In interviews conducted during a week flying around the country _ nine flights totaling 8,414 miles _ many passengers expressed anger with air travel, which they said left them feeling like second-class citizens. Generally, the terrorism fears that prompted most of the changes were a distant afterthought.
"Anytime I walk into an airport, I feel like a victim," said Lexa Shafer, of Norman, Okla. "I'm sorry that we have to live this way because of bad guys."
Despite the aggravations, America's skies are busier than ever. Airlines carried 720 million passengers last year, up from 666 million in the year before the attacks.
There was little concern about terrorism even on a flight that was almost identical _ same route, airline, plane type and departure time _ to United Airlines Flight 93, which crashed in a Pennsylvania field on Sept. 11 after passengers fought the terrorists for control.
Instead, passengers were jockeying for position at the gate as if they were waiting for the doors to open on a day-after-Thanksgiving sale. They glanced at each other's tickets and mumbled complaints when somebody boarded before they were supposed to.
"Passengers have lost civility," said Karen McNeilly, of Gold Hill, Ore.
And it's not just the boarding process that would make Emily Post cringe.
On a flight to Houston, an oversized man stole a window seat. Why? Because in his assigned seat he would have spilled into the aisle. The rightful occupant couldn't really object since the seat-stealer was already firmly planted, tray table down, Burger King cup out.
It's easier now for passengers to get annoyed with each other. We're simply getting packed in more tightly by airlines that are reining in costs more than they ever did before the terror attacks.
A decade ago, an average of 72 percent of seats per flight were occupied. Today, 82 percent are. Passengers once had a shot at an empty middle seat. Now that rarely happens. Airlines have added rows, meaning less leg room. Smaller, regional planes now carry a quarter of all passengers, twice that of a decade ago.
"It is a dismal experience that you simply put up with because you have to get from point A to point B. It used to be the part of the trip you looked forward to," said Virgin America CEO David Cush. "As an industry, we've found a way to beat that joy of flying out of people."

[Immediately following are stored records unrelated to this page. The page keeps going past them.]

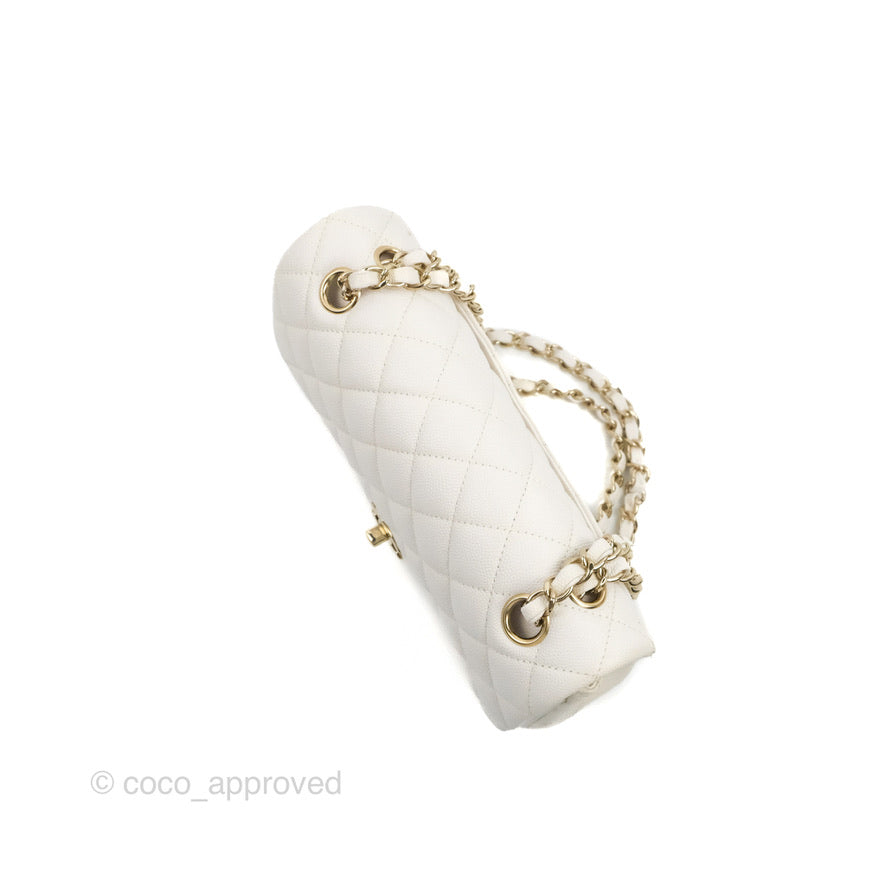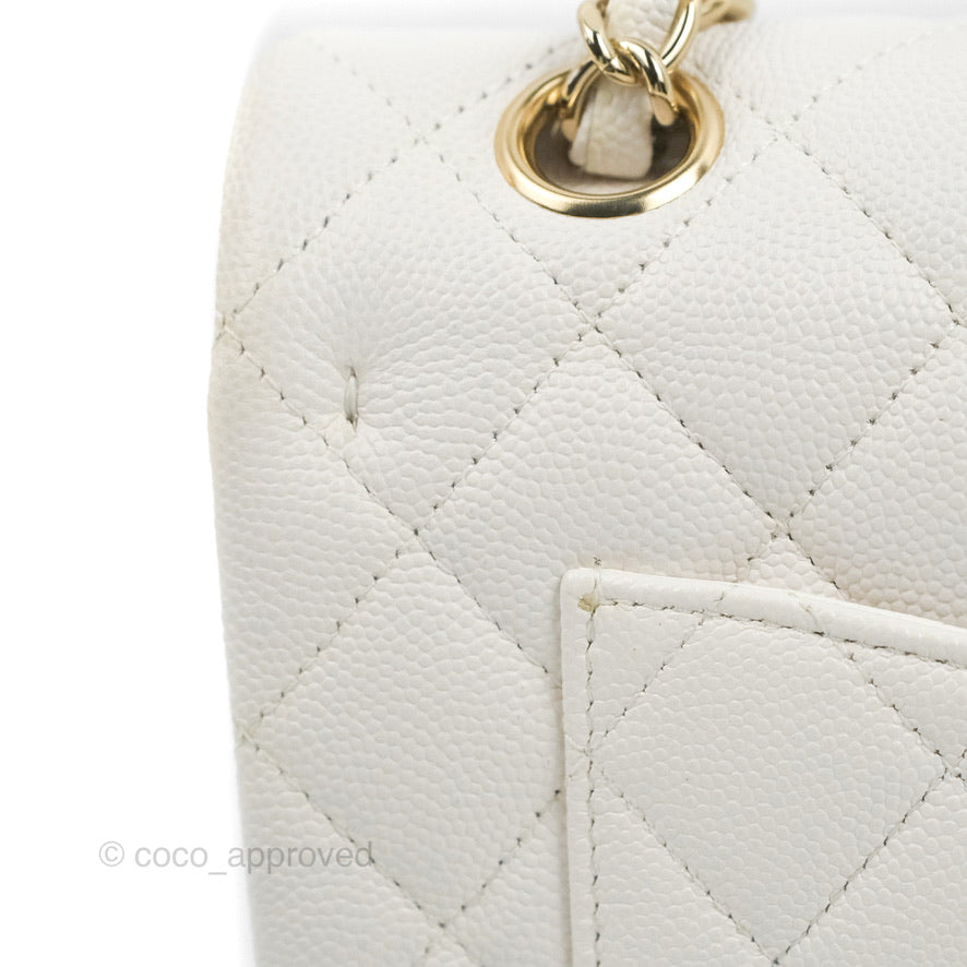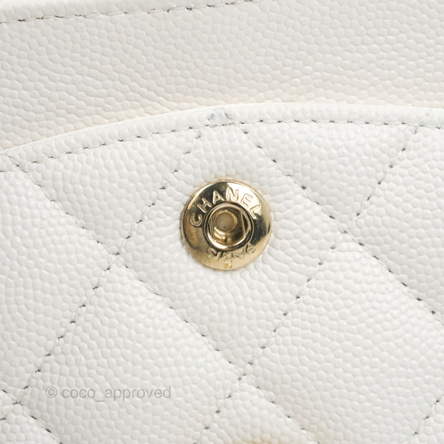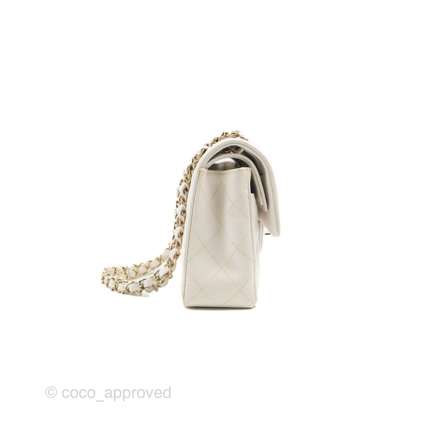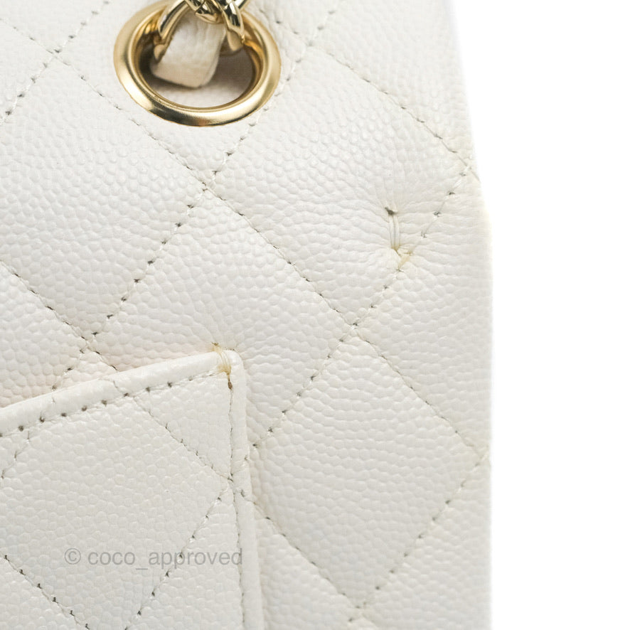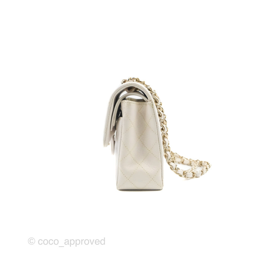 Chanel Small Classic Quilted Flap White Caviar Gold Hardware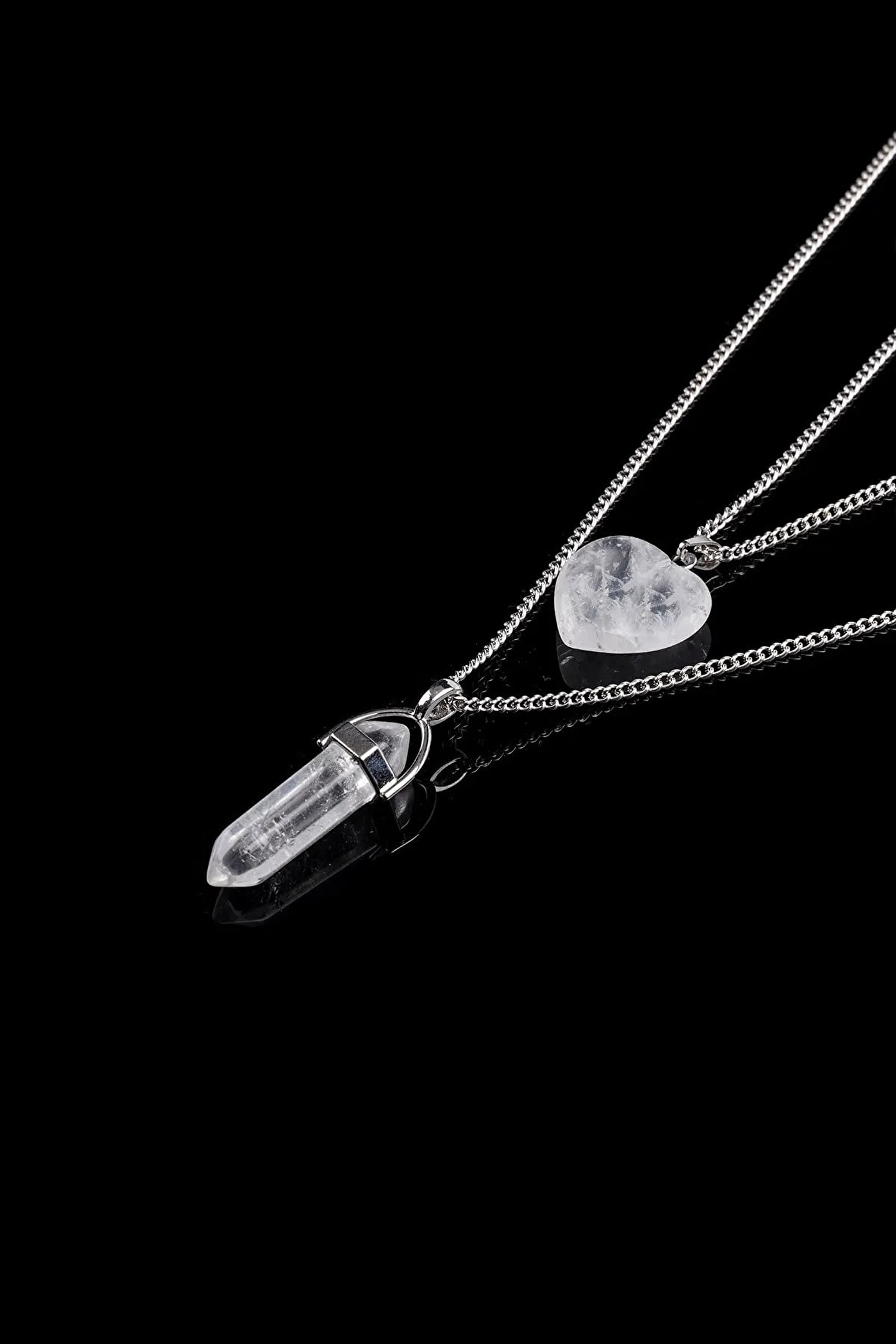 Doğal taş kullanımı sayesinde her kolye seti, benzersiz ve otantik bir görünüm sunar; Kristal kuvars taşı, hem şıklığı hem de zarafeti bir arada barındırarak her kıyafetle uyum sağlar; Kalp ve çivi kesim detayları, kolye setine modern ve estetik bir dokunuş katarken, kişisel tarzınızı yansıtmanızı sağlar; Taşın parlaklığı ve canlı rengi ile göz alıcı bir etki yaratır ve her ortamda dikkat çekmenizi sağlar;
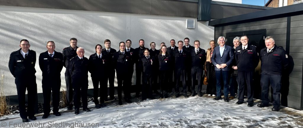 Lingenauber konnte Einheitsführer Brandoberinspektor Thomas Schmidt zahlreiche Anwesende begrüßen, darunter den Stv. Bürgermeister der Stadt Winterberg, Joachim Reuter, von den örtlichen Mitgliedern des Stadtrates Sandra Biene (CDU), sowie Sebastian Vielhaber und Heiner Kräling (Freie Wähler), eine Abordnung der St. Johannes Schützenbruderschaft sowie die Vorsitzenden der Negertalmusikanten. Ebenfalls hieß er Pastor Michael Danne sowie Diakon Michael Wiedenbeck herzlich willkommen. Er begrüßte ebenso den Bezirksbrandmeister Uwe Wiedenbeck, den Stv. Leiter der Feuerwehr Winterberg, Klaus Greve sowie die Einheitsführung der Feuerwehr Altenfeld und Silbach.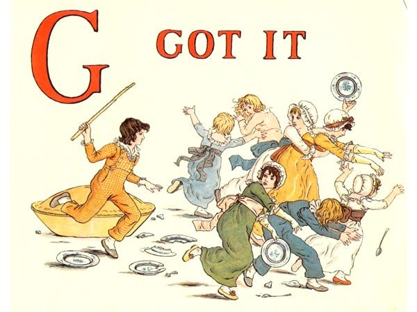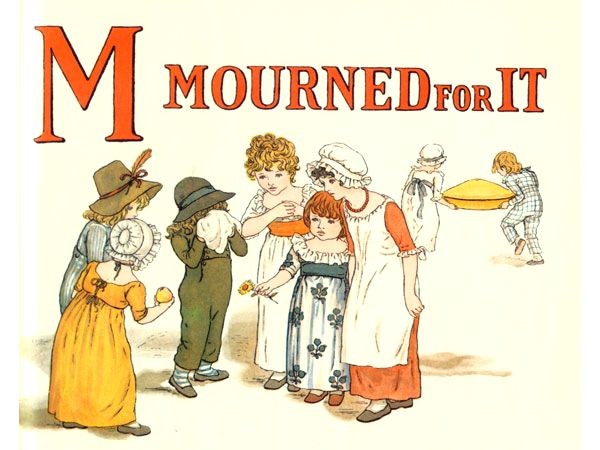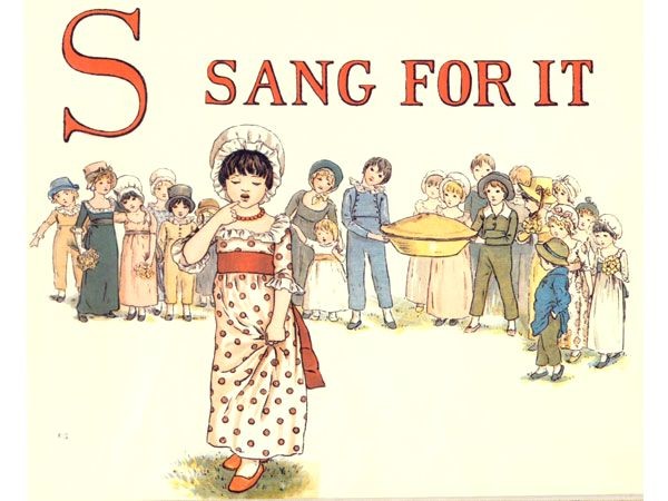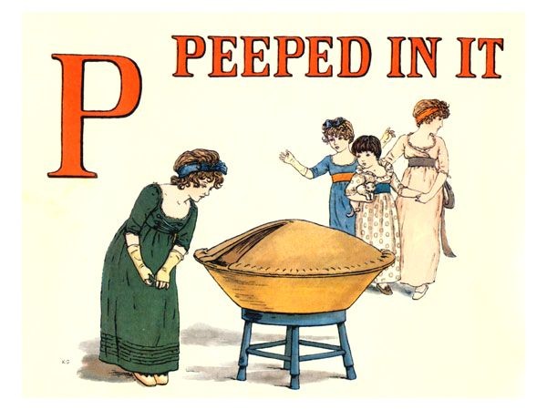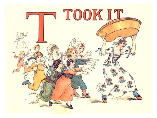 Kate Greenaway used an early version of the rhyme to illustrate A APPLE PIE which was first published in 1886 and it will be noticed that there is no rhyme for the letter I.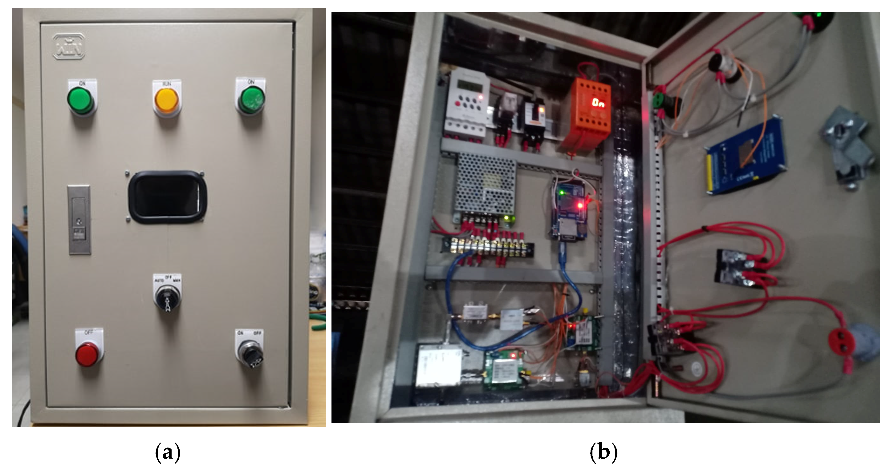 Figure 16. The microwave sensor system has two modes of operation: automatic mode and manual mode. A switch to select the operation mode and two status lights are on the front panel of the control cabinet. A switch on the lower right corner of the control cabinet is used to turn the system on; then, an orange status light is on. The automatic mode is set to measure the moisture content every hour, while the manual mode is a bypass function to simultaneously measure the moisture content. The moisture content status of the rubberwood in the dehydration process is displayed on the LCD screen on the front panel of the control cabinet. In addition, the measured data are backed up on a memory card and are wirelessly sent to be stored in the cloud.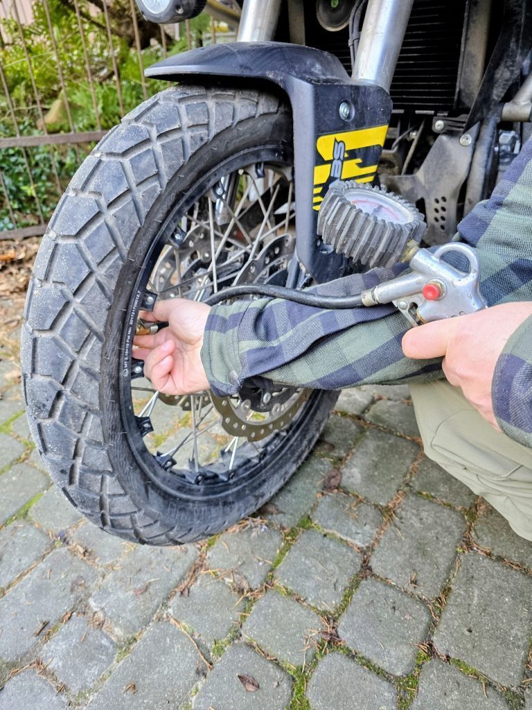 Przed ruszeniem w drogę warto zadbać o kilka spraw. Łańcuch napędowy powinien być solidnie nasmarowany, a ciśnienie w ogumieniu — sprawdzone. Pamiętajmy, że zimą wygląda to nieco inaczej. Nocne, niskie temperatury sprawiają, że wskazania manometru będą niższe, ale po nagrzaniu opon ciśnienie wzrośnie. Sam dałem się na to nabrać kilka dni temu, dopompowując przed jazdą do „prawidłowych” 2,2 bara. Już po kilkudziesięciu kilometrach czujniki sygnalizowały zbyt wysokie ciśnienie i dla uspokojenia sumienia musiałem je nieco spuścić. Gdybym zostawił 1,8 bara, problem by się nie pojawił. Nie pojawi się on również wtedy, gdy twoja maszyna nie jest wyposażona w czujniki ciśnienia, ale tak czy inaczej — dla bezpieczeństwa warto o kontroli pamiętać.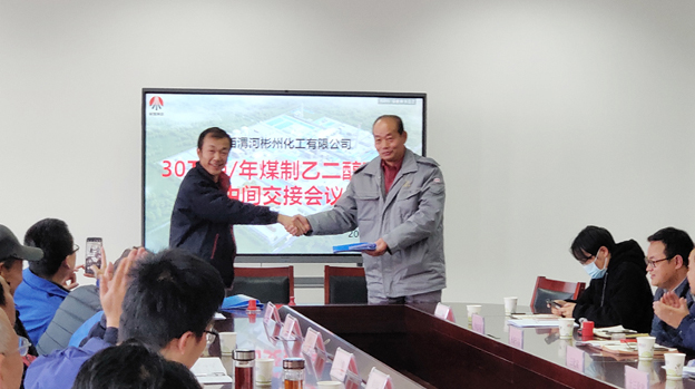 会上,业主与各单位代表分别进行了中间交接签字。至此,陕西分公司承建的陕西渭河彬州化工30万吨/年乙二醇项目净化装置顺利实现中交。

In another effort to balance their books, airlines have added fees for once-free services. Last year, $8.1 billion in fees were collected, more than three times the $2.5 billion collected before the attacks, adjusted for inflation.
Checked-luggage fees accounted for $3.4 billion of the 2010 total. Without them, major airlines would have lost money last year rather than reporting a combined $2.6 billion in profits.
It's no wonder that for shorter trips, Americans now avoid flying. New inter-city buses have popped up and Amtrak now carries 37 percent more riders than a decade ago. Buses and trains don't have the security checkpoints that make it necessary for air passengers to arrive at the airport about an hour before domestic flights and two hours in advance for trips out of the U.S.
The days of arriving minutes before a flight are a distant memory, and lines are inconsistent. While one Transportation Security Administration checkpoint took four minutes to clear, another involved a 27-minute wait.